There is a name split utility. It's take input string and parse it to the object.
<?php
declare(strict_types=1);
use NameSplitter\NameSplitter;
$splitter = new NameSplitter(['enc' => 'CP1251']);
$result = $splitter->split('Иванов Иван Иванович');
[$surname, $name, $middleName] = [
$result->getSurname(),
$result->getName(),
$result->getMiddleName(),
];
The NameSplitter's tests cover ~ 13000 cases of russian names with accuracy 99.65. Every case took a part with many templates, so result cases count was 124283.

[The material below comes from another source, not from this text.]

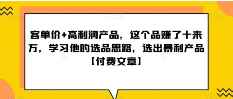 单客价+高利润产品,这个品了赚十来万,习学他选的品思路,出选暴产利品【付费文章】财仔(本人)1年前发布关注私信03304385 前言 超高价 自己做过的产品, 一个单品赚了十来万! 根据产品, 分析清楚这样的选品思路, 你会发现像这样的还算暴利的产品非常多。 单客价+高利润产品,这个品了赚十来万,习学他选的品思路,出选暴产利品【付费文章】此内容为付费资源,请付费后查看¥5钻石会员免费永久会员免费立即购买您当前未登录!建议登陆后购买,可保存购买订单付费资源© 版权声明文章版权归作者所有,未经允许请勿转载。THE END综合教程# 综合教程 喜欢就支持一下吧点赞385 分享QQ空间微博QQ好友海报分享复制链接收藏

You can run tests with your data set (use --verbose
option to see templates errors):
[aleksandr@aleksandr name-splitter]$ ./bin/name-split-test --file=$(realpath fio.csv)
TESTED TEMPLATES:
%Surname %Name %Middle
%Name %Middle %Surname
%Name %Middle
%Name %Surname
%Surname %Name
%Surname %StrictInitials
%StrictInitials %Surname
%Surname %SplitInitials
%SplitInitials %Surname
ACCURACY: 99.65
COUNT CASE TOTAL: 124283
COUNT CASE PASS: 123848
COUNT CASE ERROR: 435
Format for fio.csv
file is:
SomeSurname;SomeName;SomeMiddleName
- Utility can't recognize templates like
%Name %Surname
when surname matches with middle name (for exampleИван Иванович
). - Some templates may not correctly work when split name doesn't exist in dictionaries
You can use pre and post templates:
<?php
declare(strict_types=1);
use NameSplitter\{
NameSplitter,
Template\SimpleMatch,
Contract\TemplateInterface as TPL,
Contract\StateInterface
};
$before = [
// for this case we explicitly match name parts with template
new SimpleMatch([
TPL::SURNAME => 'Difficult Surname',
TPL::NAME => 'Difficult Name'
]),
static function(StateInterface $state) {
// TODO there is will be your implementation
return [
TPL::SURNAME => $surname ?? null,
TPL::NAME => $name ?? null,
];
},
];
// There are may be any callable types if they take to input the StateInterface
$after = [];
$splitter = new NameSplitter([], $before, $after);
$result = $splitter->split('Difficult Surname Difficult Name');